DATA SUPPLIED START

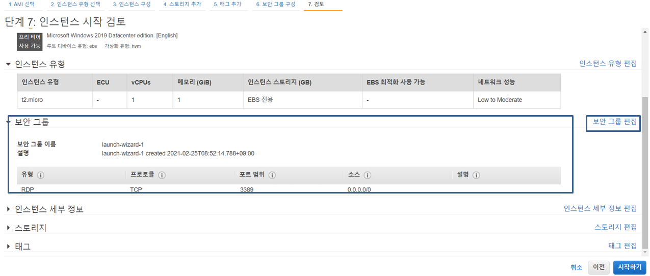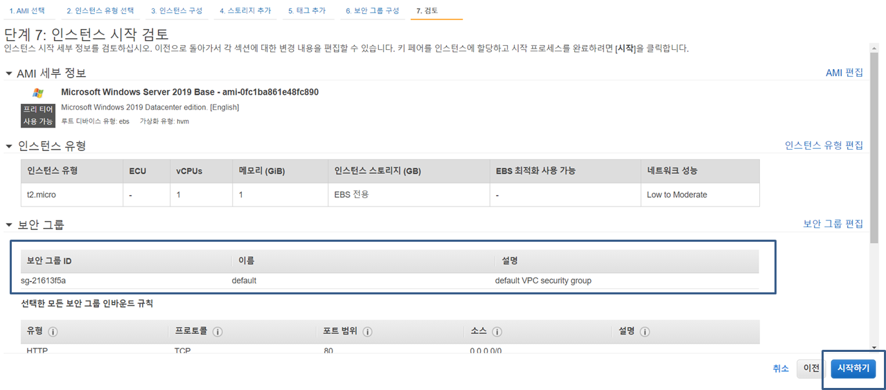 그러면 이제 보안그룹이 변경되었고 시작하기 클릭
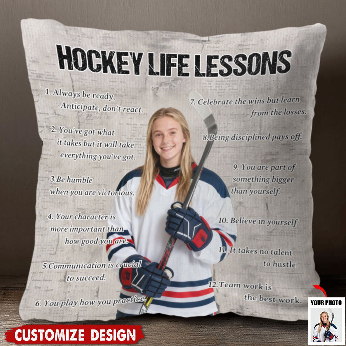 Personalisierte Hockey Life Lessons Upload Foto Kissen-Geschenk für Hockey-Liebhaber
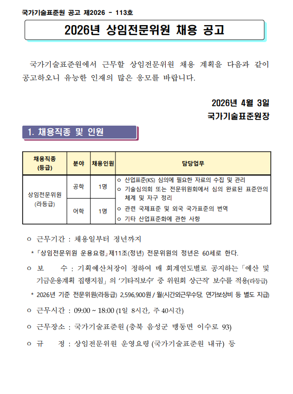 2026년 국가기술표준원 상임전문위원 모집 공고
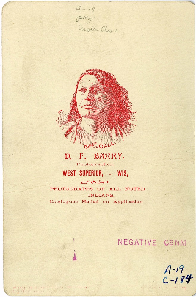 LIBI_00019_00184; This item is an albumen cabinet card (card-mounted photograph) of Bull Head, who killed Sitting Bull, in full regalia and holding a pipe. The studio portrait is 3 3/4 x 5 1/2" (4 1/4 x 6 1/2" mounted) and was produced circa 1878 by David F. Barry. A label adhered to the front of the card reads, "Bull Head" and a handwritten notation in black ink reads, "Killed Sitting Bull." The photographer's stamp is embossed in red ink on the front of the card. On the verso, there is a drawing of Chief Gall and the photographer's stamp printed in red ink.Note: "Pkg I/Custer Chest" handwritten on verso.; CABINET CARD [Card photograph]; Courtesy of the National Park Service, Little Bighorn Battlefield National Monument, LIBI_00019_00184, D. F. Barry, "Bull Head in Full Regalia and Holding a Pipe," circa 1878
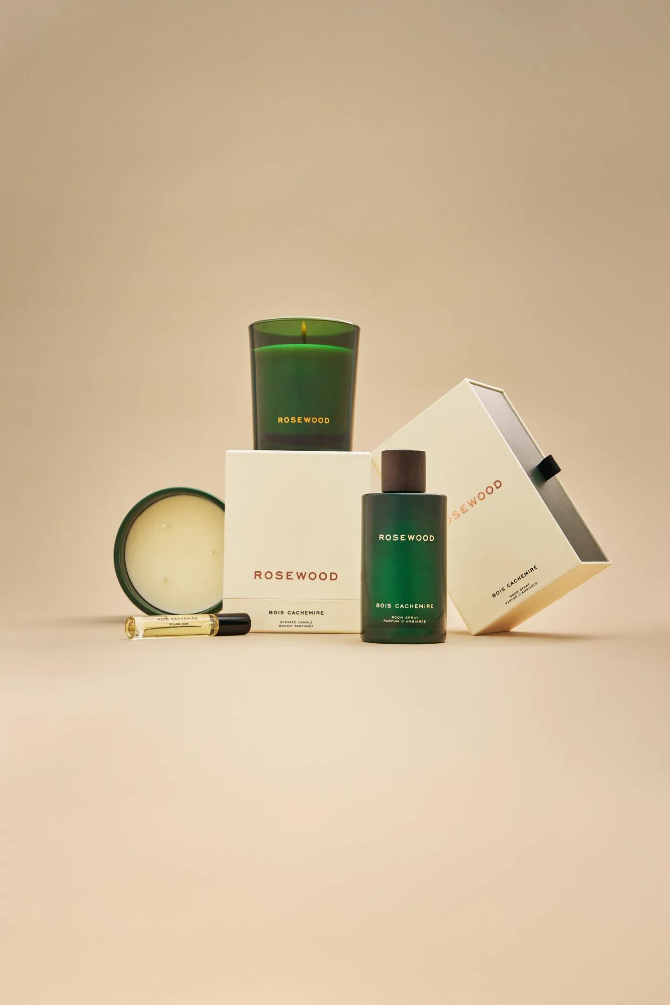 Within the Bois Cachemire collection, we created three products, a candle made with the highest concentration of fragrance, produced responsibly avoiding the use of palm oils or paraffins. A room spray for instant hits of scents and a complementary pillow mist for evening refreshment right before your head hits your pillow at night. Available for purchase at Rosewood, or through our online shop, these keepsakes are designed to be taken home, evoking memories of your stay.
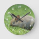 Fotografia de um coelho doce do bebê que mordisca na grama.
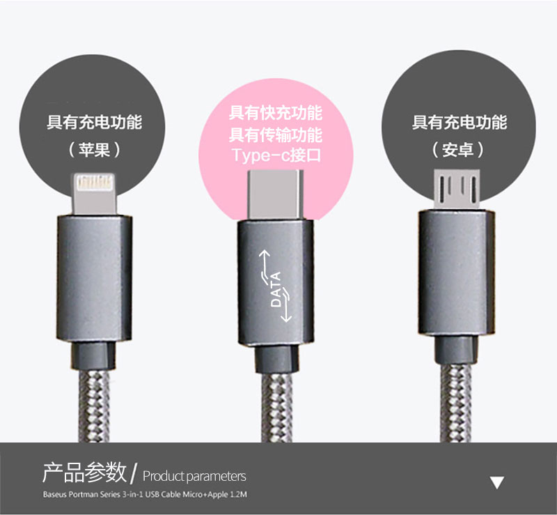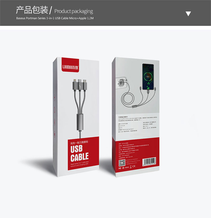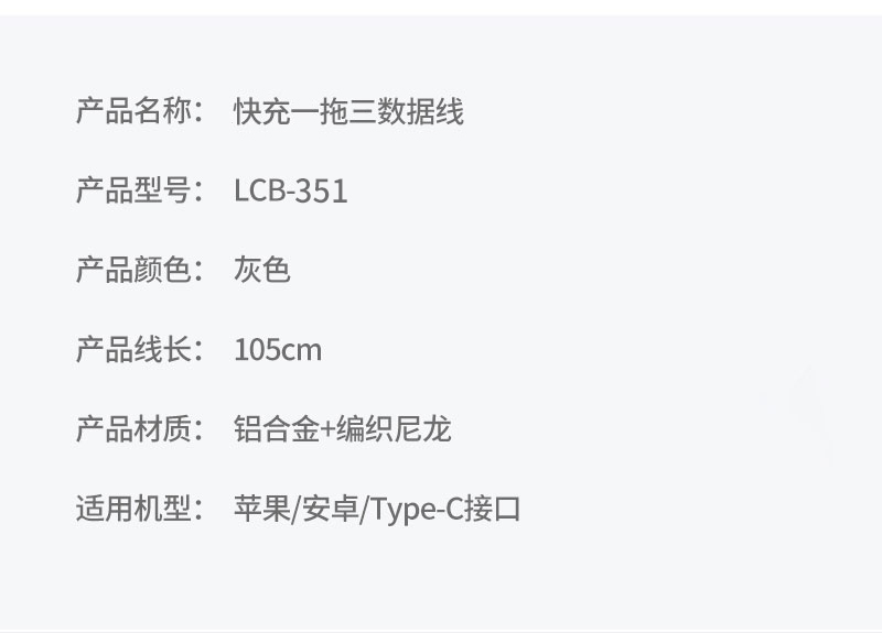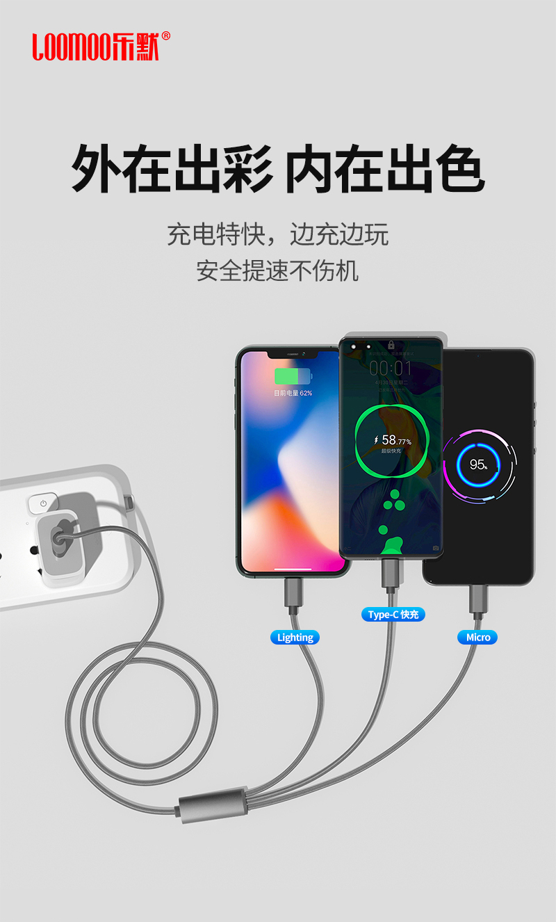 loomoo乐默 LCB-351快充一拖三数据线 灰色
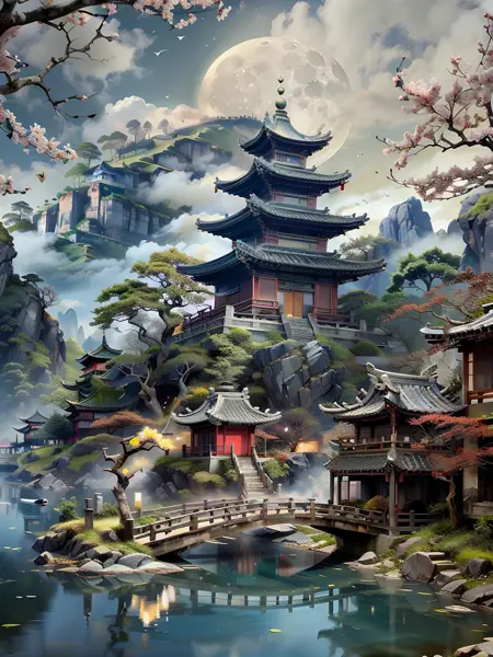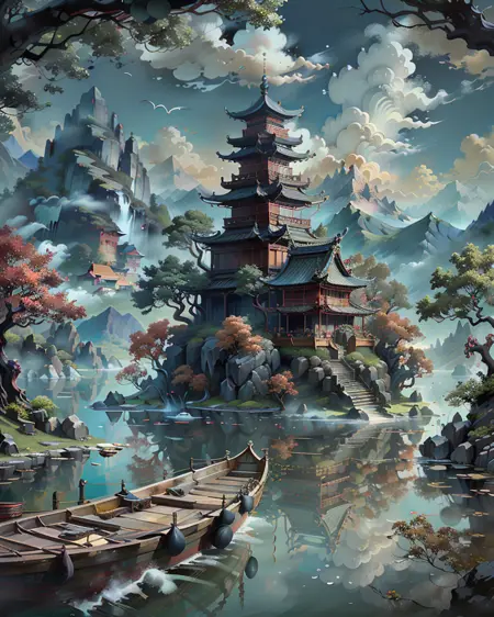 tree, brunette, water, long hair, landscape, reflection, architecture, outdoors, east asian architecture, petals, pond, lantern, grass, water, rays, flowers, sunshine, bridge, house, village, river, buildings, butterfly, Dragon, Hanfu, fog, boat 등 중국 수묵화와 관련된 키워드들;

DATA SUPPLIED END

_EXERCISE BRIEF_: Only an exact copy is needed: the lines from the opening of the listing through the line with "2026년 국가기술표준원 상임전문위원 모집 공고", both included, minus the pictures.

_YOUR SOLUTION_:
 그러면 이제 보안그룹이 변경되었고 시작하기 클릭
 Personalisierte Hockey Life Lessons Upload Foto Kissen-Geschenk für Hockey-Liebhaber
 2026년 국가기술표준원 상임전문위원 모집 공고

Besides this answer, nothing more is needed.